Should we be prepared to proceed without an application?​Yes, provided we are satisfied that by adding the land we would not be creating a mistake instead of correcting one (see Is there an error?)
6.11.3 Too much land included in a registered title
.
Question​Answer
Power to alter?​We have the power to remove land from the registered title in order to correct a mistake. We do not have the power to remove land without the consent of a registered proprietor in certain circumstances (see Who is in possession? below).
Rectification?​Maybe.
Removing land from a registered title is to deprive the registered proprietor of the property that was vested in him by virtue of the registration, and therefore prejudicially affects the title of a registered proprietor.
It would not be prejudicial and therefore rectification, however, if the ‘true’ owner is in actual occupation of the land. See Who is in possession? below.
Is prior notice unnecessary?​B224 Notice must be sent to any registered proprietor(s) affected by the proposed alteration if it is considered prejudicial.
Notice would be arguably unnecessary only in the very rare case that it is absolutely clear and undisputed that the ‘true’ owner is in actual occupation and that his interest overrides the registration, in which case the registered proprietor’s title would not be prejudicially affected by the alteration, and presumably he could not therefore validly object to it. See In what circumstances might prior notice be unnecessary? In most cases the best course will be to serve notice.
It may be difficult to establish who is in actual occupation, and even if we thought we knew, the registered proprietor might want to disagree.
Who is in possession?​If it is a case of rectification and the registered proprietor is in possession of the land that is to be removed from the title, we cannot proceed without his consent, unless one of the exceptions in Schedule 4(6)(2) applies.
If the ‘true’ owner is in possession, his interest may override the registration, and removal of the land from the title would not prejudicially affect the registered proprietor’s title. The question of possession would be relevant in so far as it means that the registered proprietor’s consent can – technically – be dispensed with.
If a third party is in possession (neither the ‘true’ owner nor the registered proprietor), the registered proprietor’s consent, again, may not be required.
This is not relevant if it is not rectification.
Duty to alter?​It depends on whether the alteration would amount to rectification. If it does, we do have a duty, but only if an application has been made. If not then we do not have a duty, but to alter is consistent with our aim of completing the comprehensive register and our policy of correcting any known mistakes.
Indemnity?​If rectification.
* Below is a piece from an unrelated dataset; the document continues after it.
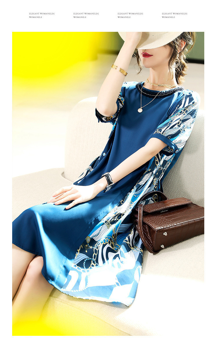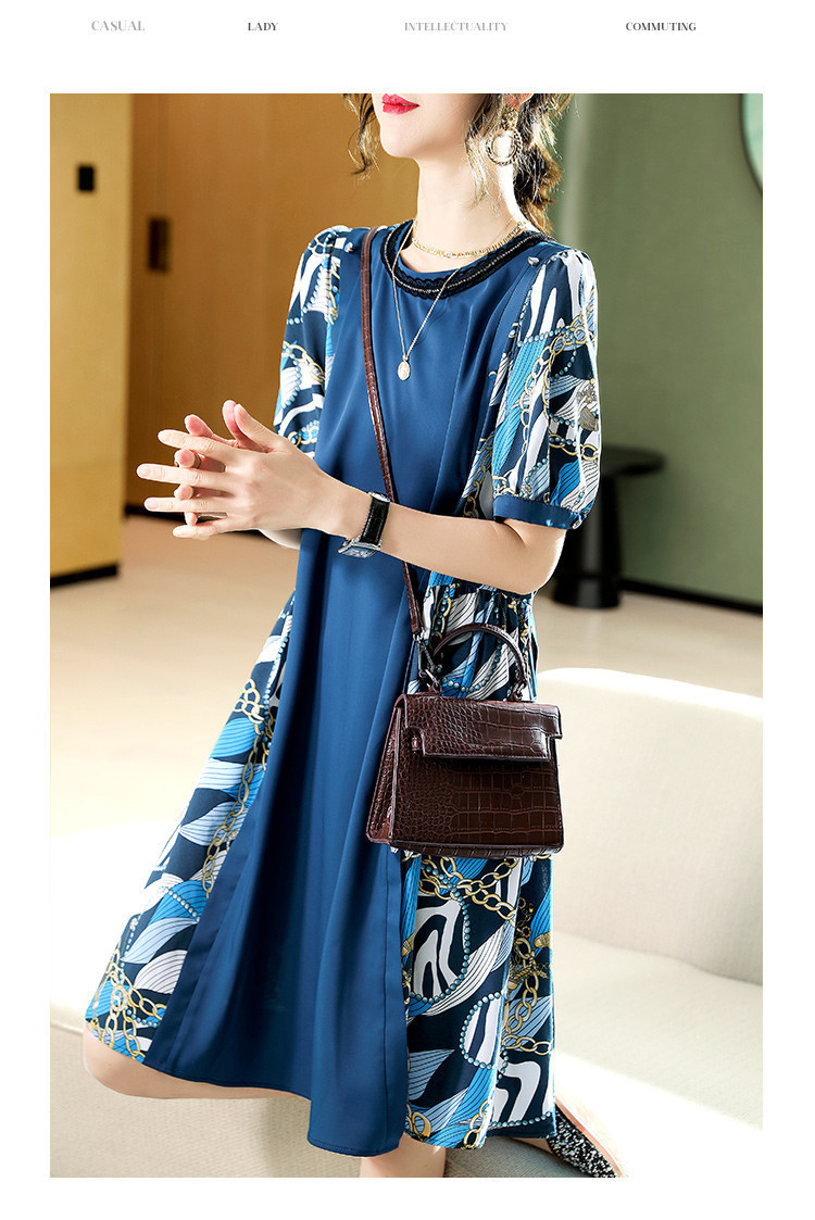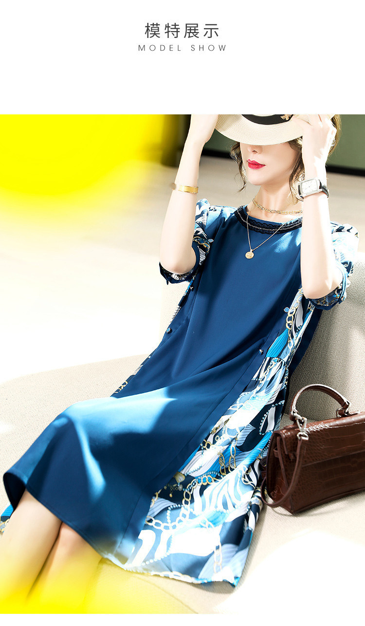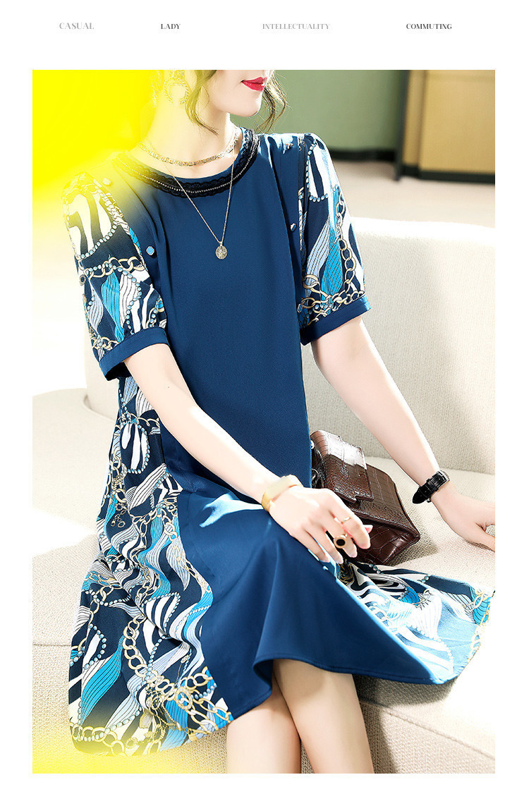 商品名称:【超值捡漏】2025年时尚宽松显瘦撞色印花圆领短袖雪纺连衣裙 855817

Yes – probably substantive indemnity (though this may only be nominal) and/or costs for the registered proprietor and applicant and any 3rd party that suffered loss.
If alteration, no, but if anyone has incurred costs or expenses in connection with alteration, we have a discretion to pay all or some of them (subject to the provision for prior consent).
Should we be prepared to proceed without an application?​Yes, if we are reasonably certain of the facts, i.e. that there is a mistake and that we know or have established who is in actual occupation of the land.
6.11.4 Wrong plot or property mapped

Question​Answer
Power to alter?​Yes. We have the power to correct the mistake and map the correct property instead.
Rectification?​Probably not. Although the registered proprietor may ostensibly be losing a legal estate to the ‘wrong’ property, any prejudicial effect would be offset by his registration as proprietor of the ‘right’ property. Even if it is not, (for example because of a substantial difference in value between the two properties), if the ‘true’ owner is in actual occupation of the property that was wrongly mapped to be in the registered proprietor’s title, the registered proprietor is holding the legal estate subject to the ‘true’ owner’s overriding interest and is not therefore prejudicially affected by the alteration.
Is prior notice unnecessary?​Notice may be unnecessary if we are satisfied that it is not a case of rectification, and that no one could conceivably raise a valid objection to or oppose the alteration of the register. However, prior notice B224 may be prudent, not least as a means of ensuring that the proposed alteration itself is correct.
Who is in possession?​Not relevant if not rectification. Responses to notices could help us to confirm the facts and proceed according to the circumstances.
Duty to alter?​No, assuming it is not a case of rectification having been applied for, but to alter is consistent with our aim of completing the comprehensive register and out policy of correcting any known mistakes.
Indemnity?​No, assuming it is not a case of rectification, but if anyone has incurred costs or expenses in connection with the alteration, we have a discretion to pay all or some of them (subject to the provisions for prior consent).
Should we be prepared to proceed without an application?​Yes.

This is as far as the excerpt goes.